> _DATA_:
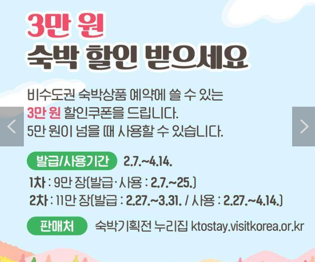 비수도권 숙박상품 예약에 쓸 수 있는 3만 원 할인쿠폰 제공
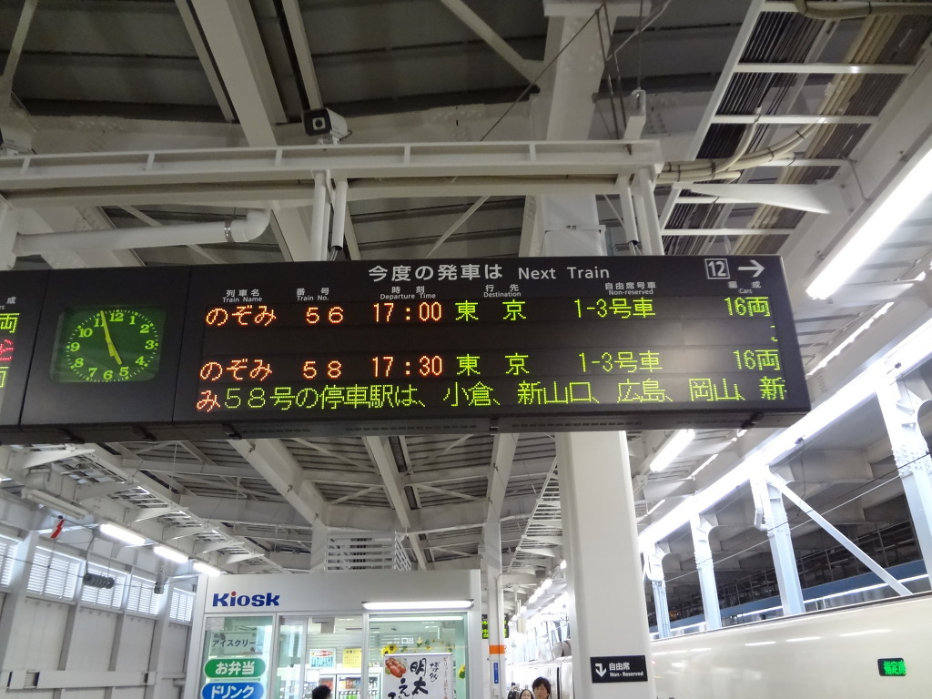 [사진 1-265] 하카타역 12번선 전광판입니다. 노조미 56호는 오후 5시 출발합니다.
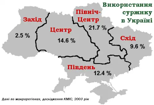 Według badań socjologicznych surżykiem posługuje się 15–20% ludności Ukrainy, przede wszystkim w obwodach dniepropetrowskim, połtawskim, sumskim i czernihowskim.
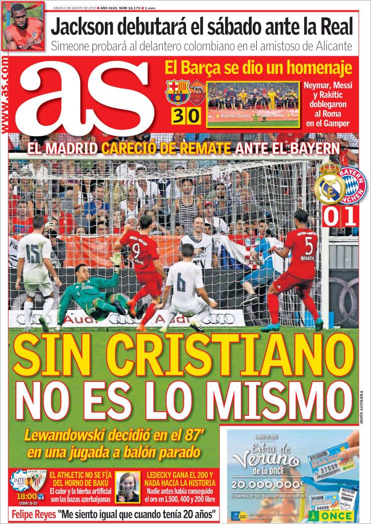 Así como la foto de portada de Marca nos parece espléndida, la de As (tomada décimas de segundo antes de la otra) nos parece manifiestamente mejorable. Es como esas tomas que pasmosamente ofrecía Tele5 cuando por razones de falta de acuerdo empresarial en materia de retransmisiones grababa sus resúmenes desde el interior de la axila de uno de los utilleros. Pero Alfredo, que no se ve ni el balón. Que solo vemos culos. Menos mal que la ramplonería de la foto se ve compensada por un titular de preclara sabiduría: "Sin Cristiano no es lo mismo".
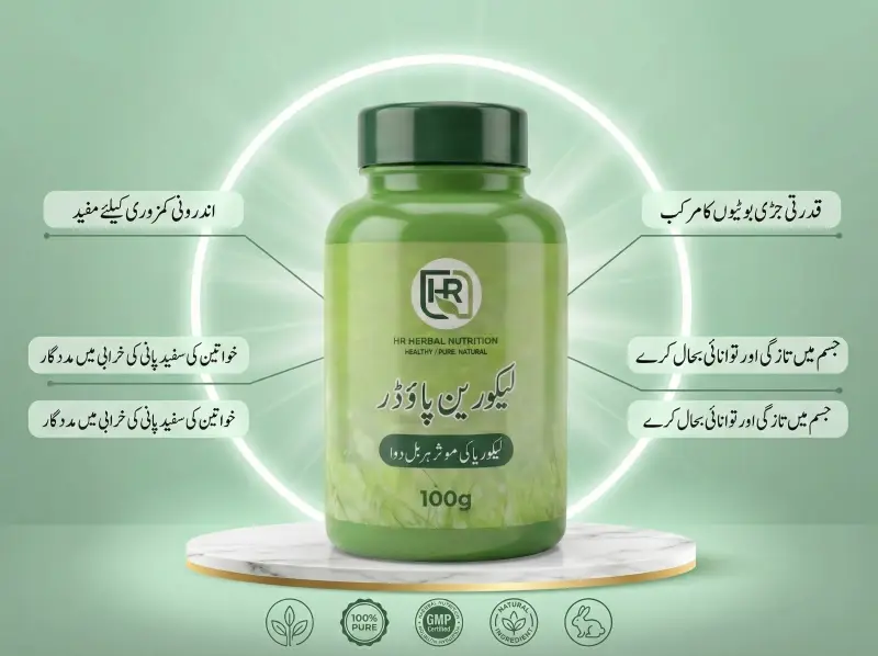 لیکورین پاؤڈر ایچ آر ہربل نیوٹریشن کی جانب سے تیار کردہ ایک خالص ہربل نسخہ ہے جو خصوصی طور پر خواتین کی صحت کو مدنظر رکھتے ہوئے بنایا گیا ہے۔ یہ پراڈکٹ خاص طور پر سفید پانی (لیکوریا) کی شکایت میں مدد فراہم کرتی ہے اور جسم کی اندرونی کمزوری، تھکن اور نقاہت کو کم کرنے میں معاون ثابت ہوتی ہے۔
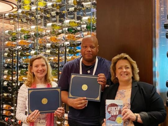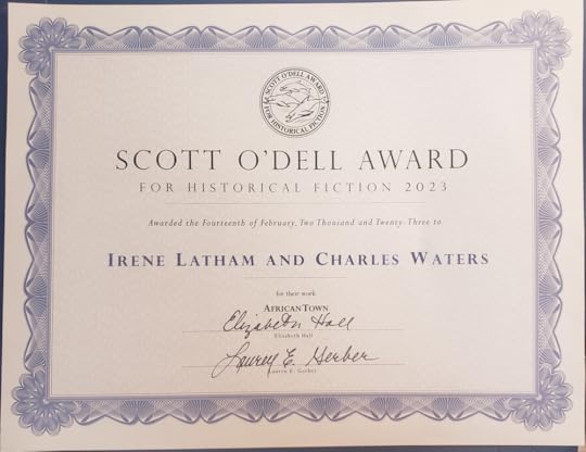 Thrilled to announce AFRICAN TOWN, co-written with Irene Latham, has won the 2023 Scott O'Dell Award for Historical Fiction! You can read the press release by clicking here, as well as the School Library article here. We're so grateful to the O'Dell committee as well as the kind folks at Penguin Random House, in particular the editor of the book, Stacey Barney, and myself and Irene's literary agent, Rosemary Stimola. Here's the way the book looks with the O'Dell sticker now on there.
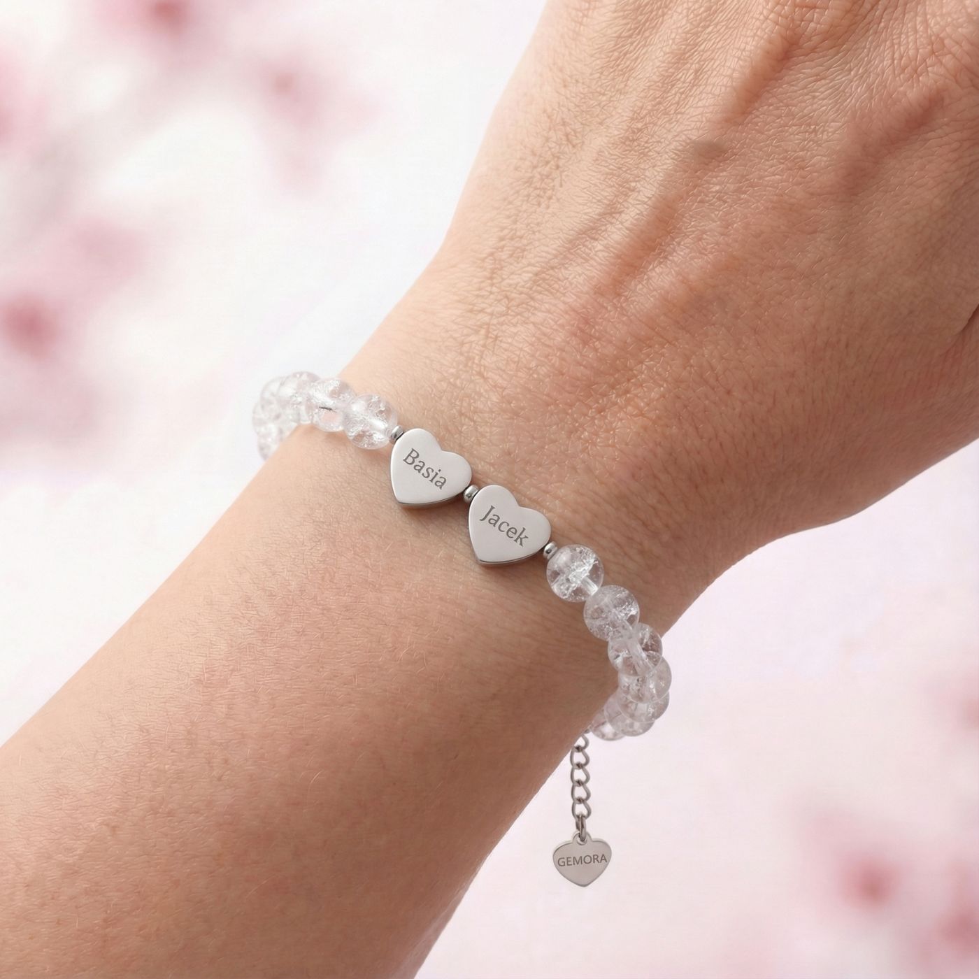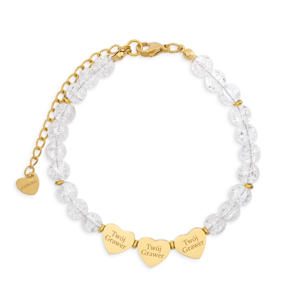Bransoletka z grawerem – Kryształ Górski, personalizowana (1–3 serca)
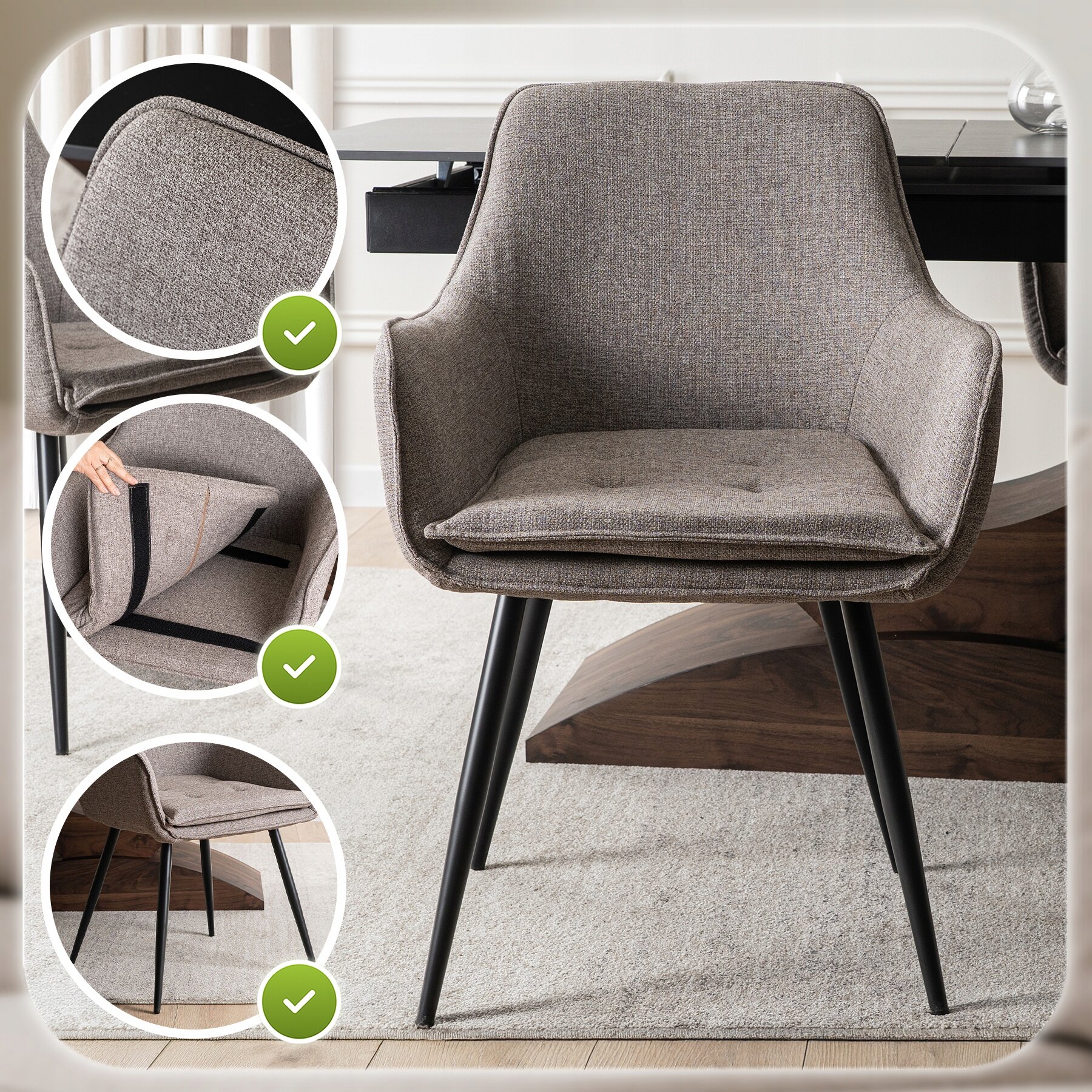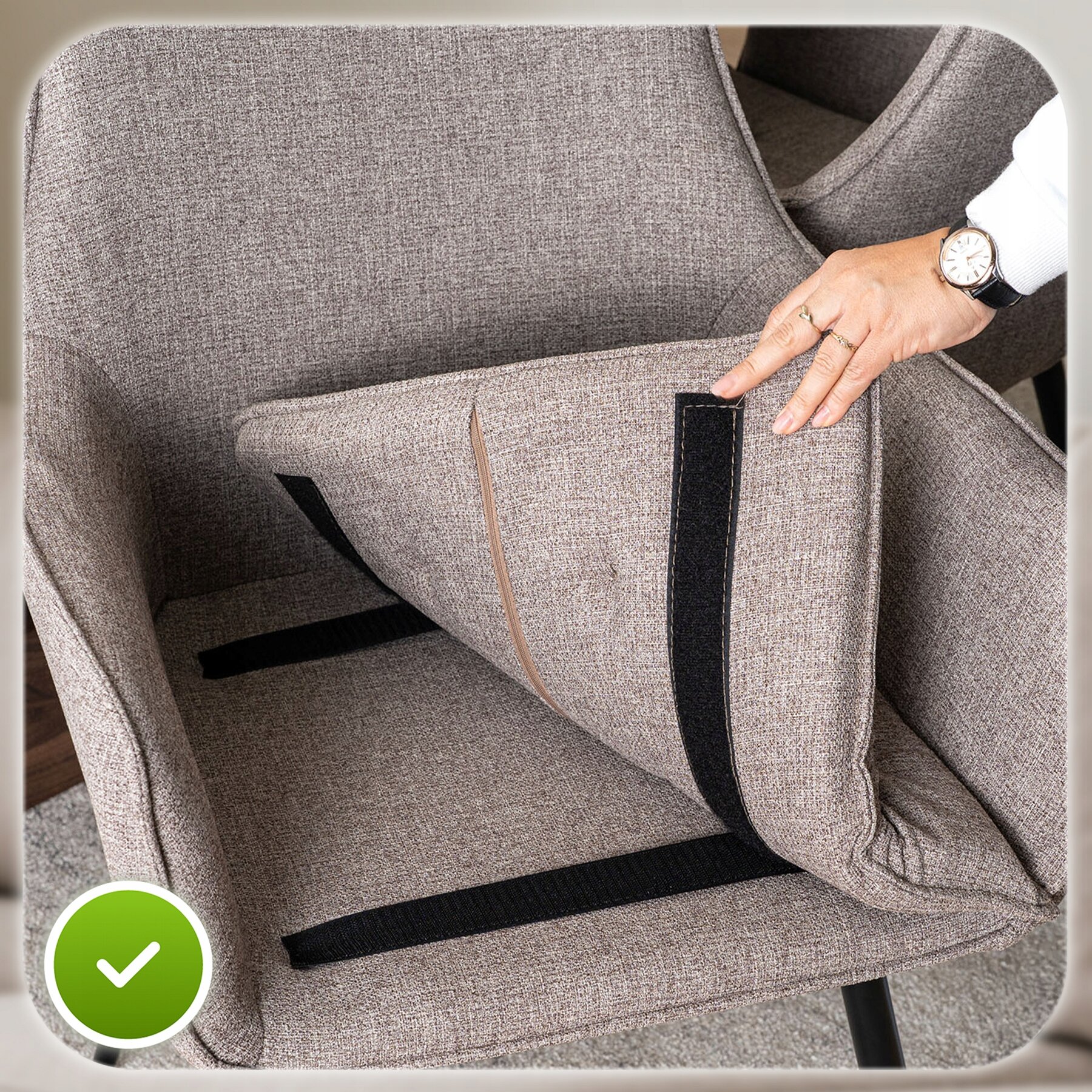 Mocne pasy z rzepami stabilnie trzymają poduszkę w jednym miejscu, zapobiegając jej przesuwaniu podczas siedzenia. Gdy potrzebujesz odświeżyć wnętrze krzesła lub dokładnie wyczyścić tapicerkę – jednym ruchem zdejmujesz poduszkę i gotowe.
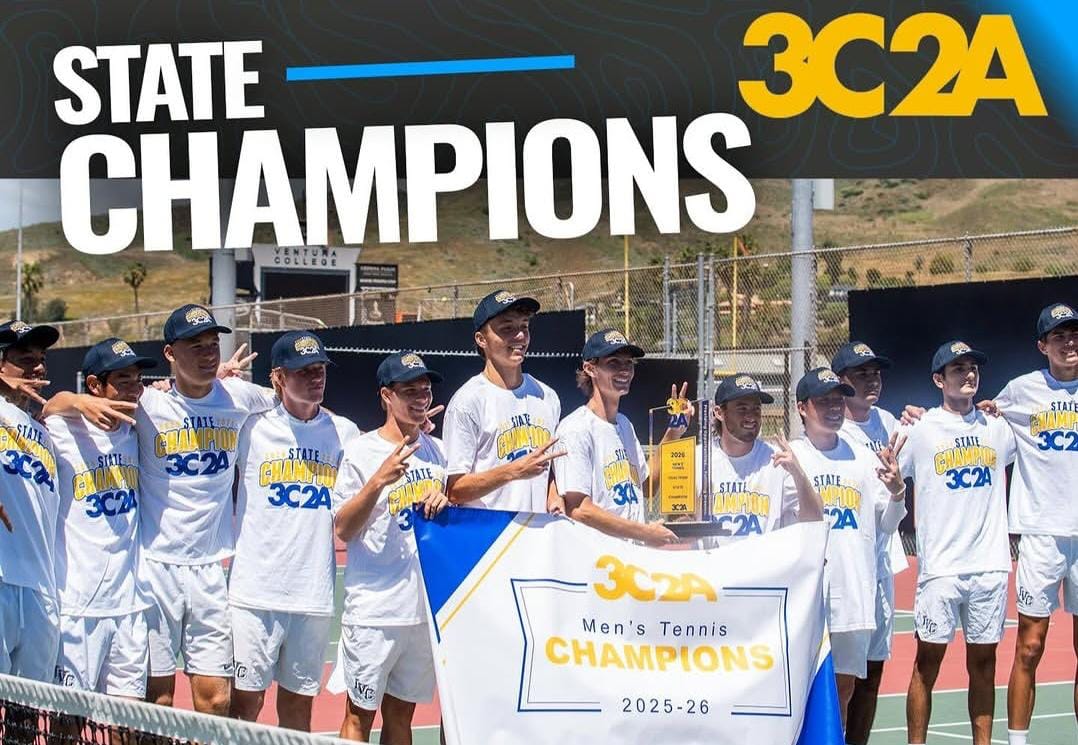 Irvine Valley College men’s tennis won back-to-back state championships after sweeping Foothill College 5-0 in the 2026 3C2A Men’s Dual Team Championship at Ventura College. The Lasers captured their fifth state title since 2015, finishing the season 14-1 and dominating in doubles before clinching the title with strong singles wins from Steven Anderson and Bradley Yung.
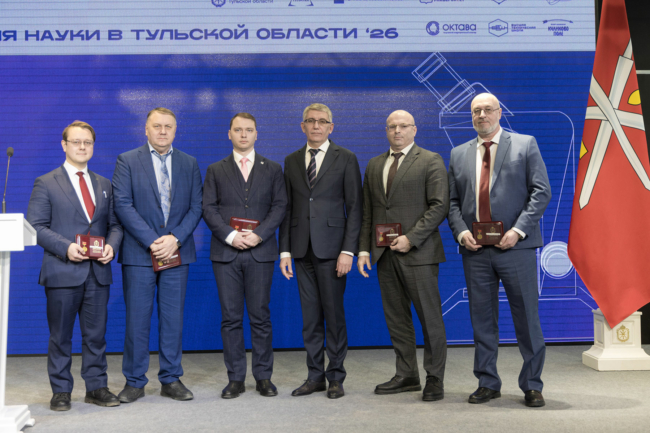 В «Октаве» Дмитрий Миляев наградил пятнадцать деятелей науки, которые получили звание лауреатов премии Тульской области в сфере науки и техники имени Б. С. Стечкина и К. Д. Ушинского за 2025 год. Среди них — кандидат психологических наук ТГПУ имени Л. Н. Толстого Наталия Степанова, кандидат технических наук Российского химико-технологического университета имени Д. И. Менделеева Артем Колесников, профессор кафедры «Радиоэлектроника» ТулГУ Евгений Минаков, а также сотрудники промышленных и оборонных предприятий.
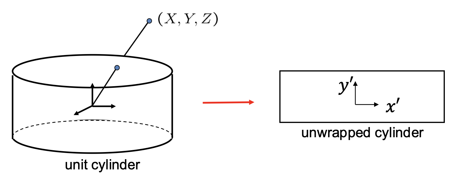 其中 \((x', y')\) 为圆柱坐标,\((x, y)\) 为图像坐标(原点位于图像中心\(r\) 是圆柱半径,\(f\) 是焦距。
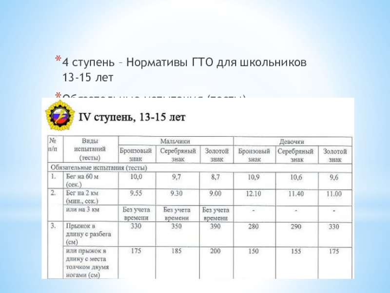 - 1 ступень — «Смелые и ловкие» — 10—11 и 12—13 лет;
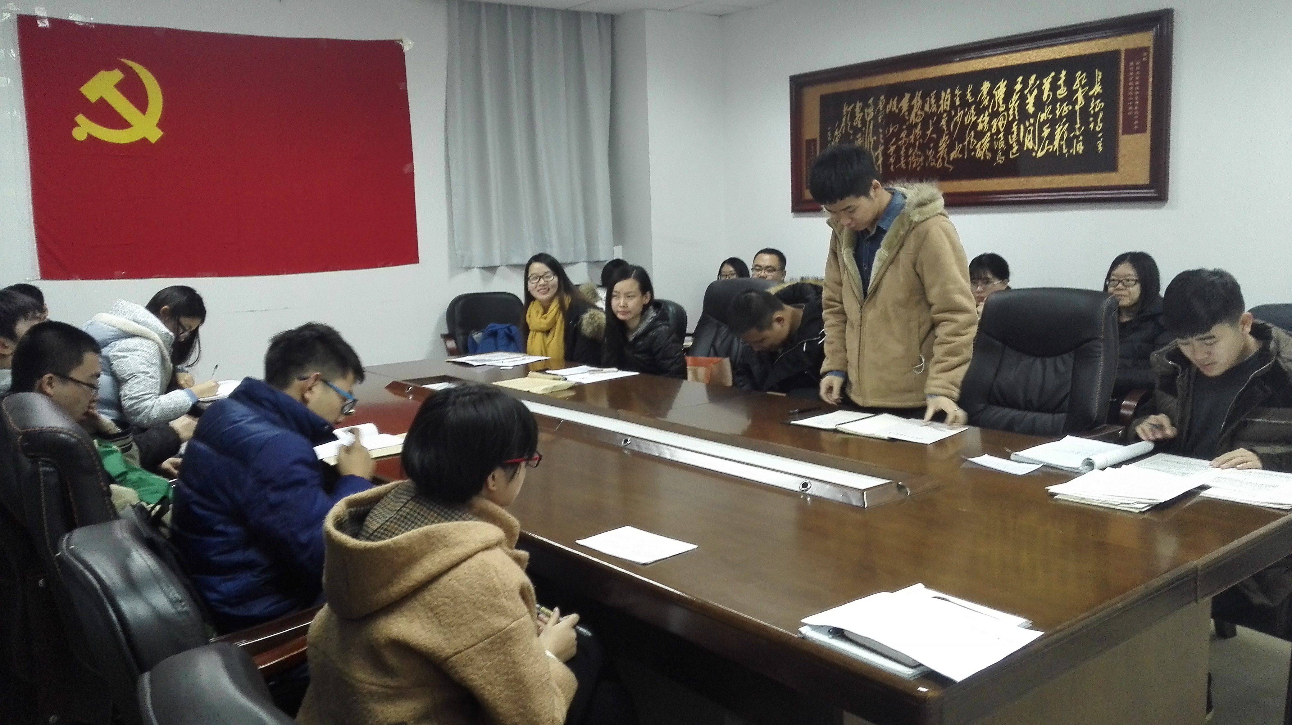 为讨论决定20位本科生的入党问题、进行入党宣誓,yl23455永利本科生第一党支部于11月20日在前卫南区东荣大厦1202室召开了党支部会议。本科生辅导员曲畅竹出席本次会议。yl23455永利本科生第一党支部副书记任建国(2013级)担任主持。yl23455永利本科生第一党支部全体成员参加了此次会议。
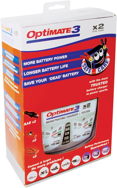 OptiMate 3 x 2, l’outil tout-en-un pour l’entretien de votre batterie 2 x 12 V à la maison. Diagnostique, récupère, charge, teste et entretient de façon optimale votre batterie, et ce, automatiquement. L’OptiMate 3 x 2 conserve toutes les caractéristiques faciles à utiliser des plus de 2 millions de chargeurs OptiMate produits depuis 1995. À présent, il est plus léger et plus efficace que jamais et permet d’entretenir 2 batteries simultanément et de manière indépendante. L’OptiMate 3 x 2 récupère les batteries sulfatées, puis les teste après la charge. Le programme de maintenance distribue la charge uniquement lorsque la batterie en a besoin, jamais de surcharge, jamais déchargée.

> _PROBLEM DETAILS_: What is needed is the exact run of lines from the start of the data through the line with "Według badań socjologicznych", both ends included, minus the pictures.

> _TASK RESULT_:
 비수도권 숙박상품 예약에 쓸 수 있는 3만 원 할인쿠폰 제공
 [사진 1-265] 하카타역 12번선 전광판입니다. 노조미 56호는 오후 5시 출발합니다.
 Według badań socjologicznych surżykiem posługuje się 15–20% ludności Ukrainy, przede wszystkim w obwodach dniepropetrowskim, połtawskim, sumskim i czernihowskim.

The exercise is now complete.